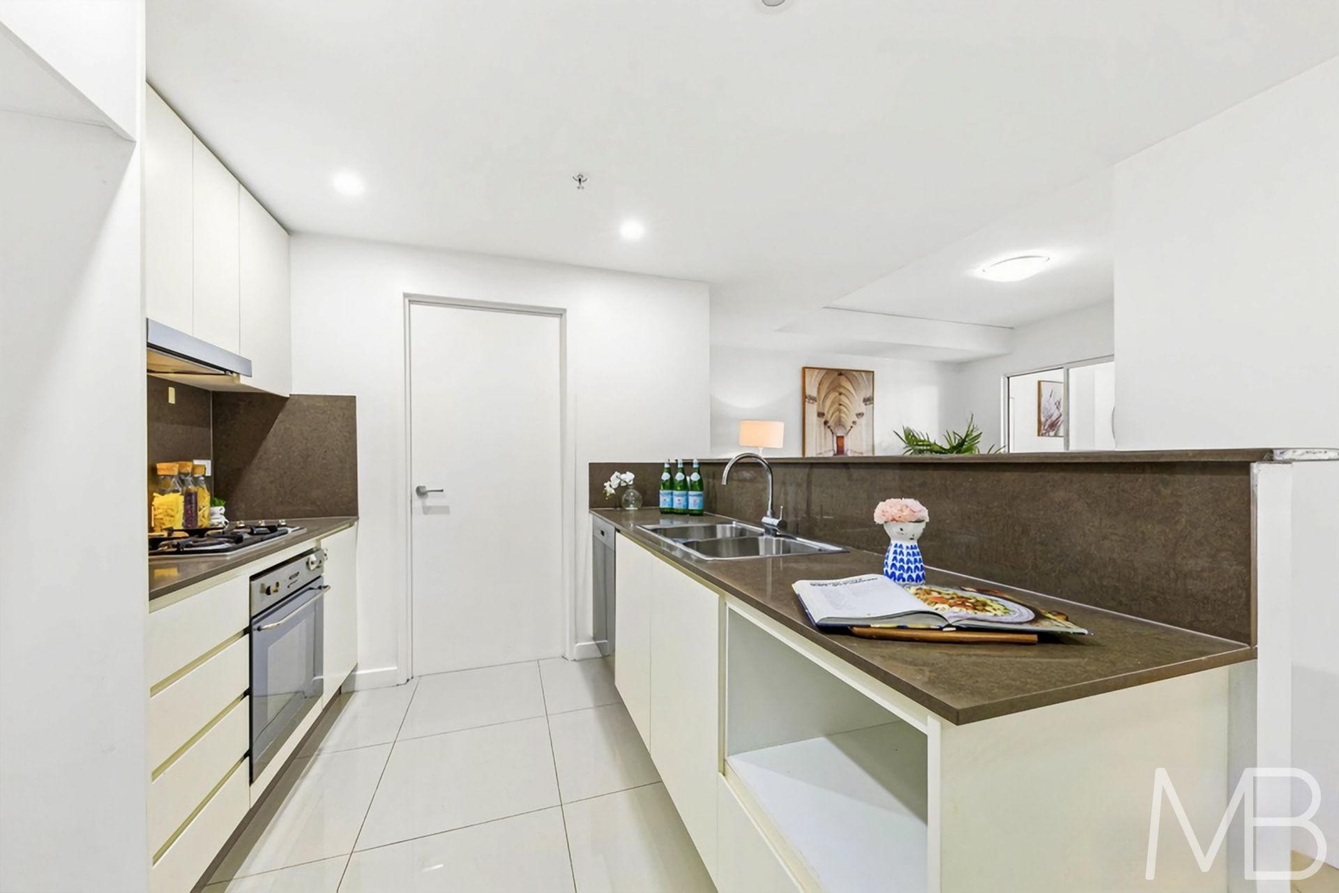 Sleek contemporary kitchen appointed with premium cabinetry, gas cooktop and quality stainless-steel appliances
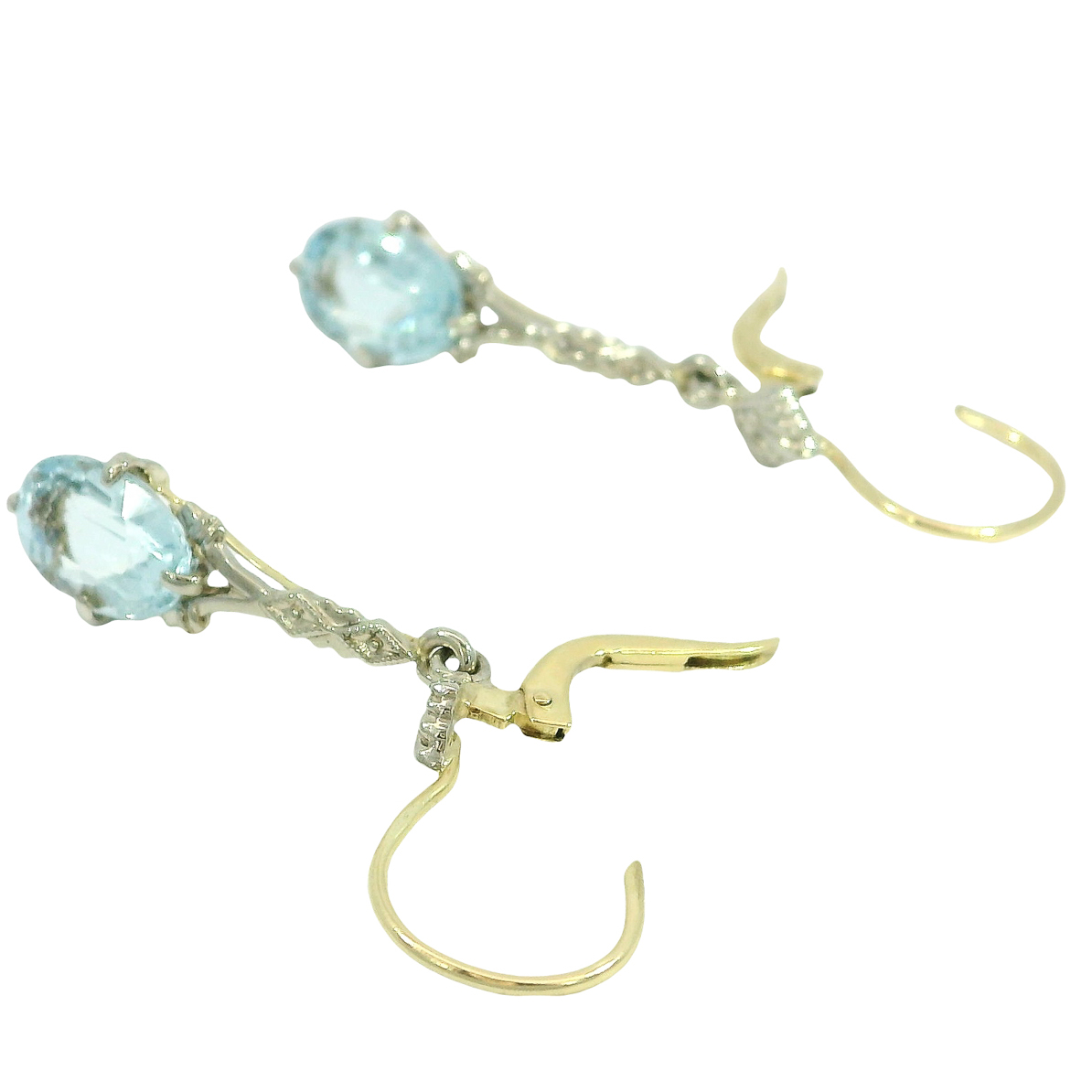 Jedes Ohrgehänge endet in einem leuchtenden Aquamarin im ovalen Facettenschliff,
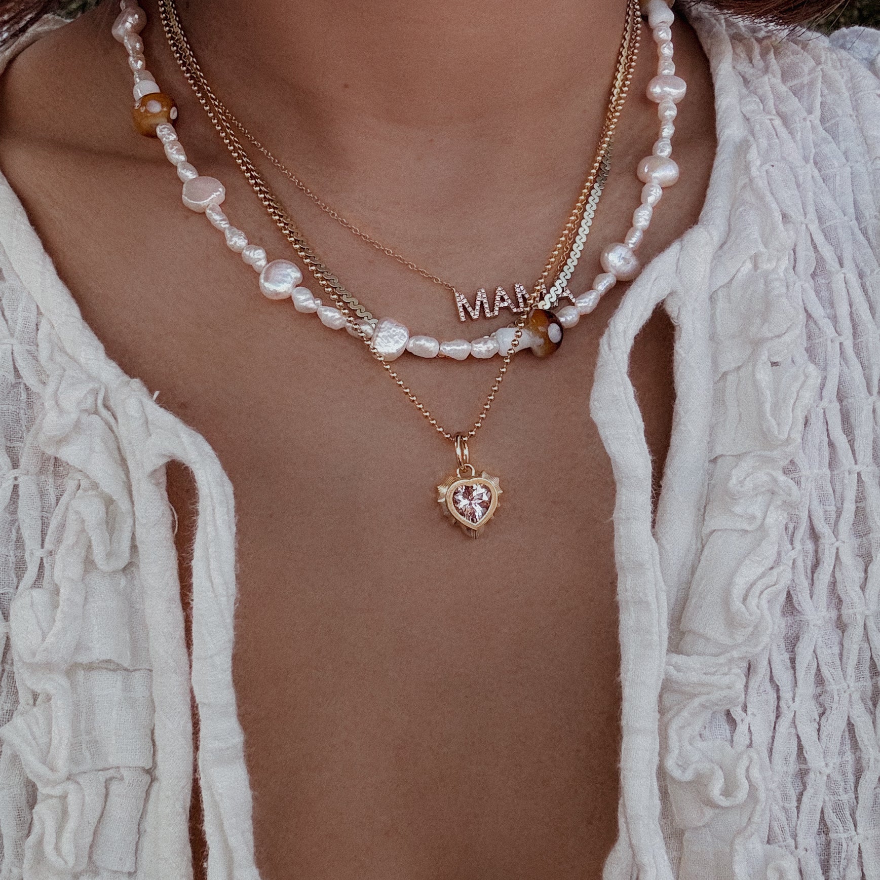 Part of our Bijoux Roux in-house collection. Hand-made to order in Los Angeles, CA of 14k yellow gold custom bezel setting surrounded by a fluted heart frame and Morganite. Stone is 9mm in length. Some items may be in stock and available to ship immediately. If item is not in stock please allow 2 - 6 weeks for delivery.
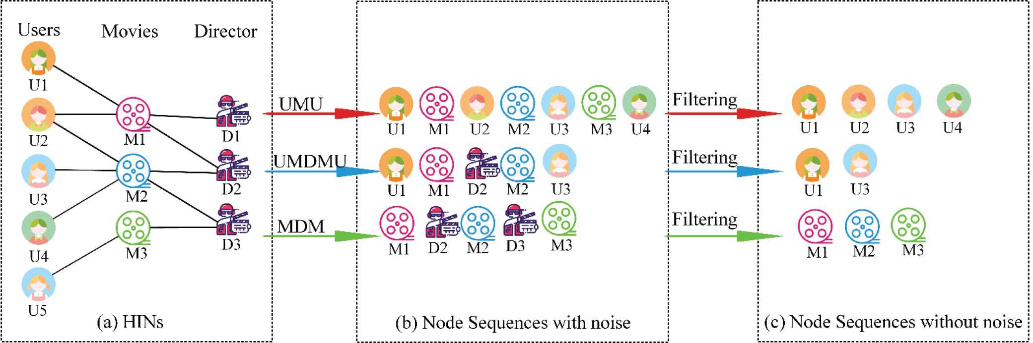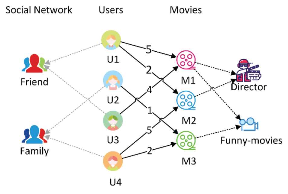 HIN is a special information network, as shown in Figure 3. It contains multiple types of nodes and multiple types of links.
....
## [Problem description]
Print the stretch of the data from the line with "Jedes Ohrgehänge endet" through its last line, exactly and with both ends kept. Omit pictures.

## [Written response]
 Jedes Ohrgehänge endet in einem leuchtenden Aquamarin im ovalen Facettenschliff,
 Part of our Bijoux Roux in-house collection. Hand-made to order in Los Angeles, CA of 14k yellow gold custom bezel setting surrounded by a fluted heart frame and Morganite. Stone is 9mm in length. Some items may be in stock and available to ship immediately. If item is not in stock please allow 2 - 6 weeks for delivery.
 HIN is a special information network, as shown in Figure 3. It contains multiple types of nodes and multiple types of links.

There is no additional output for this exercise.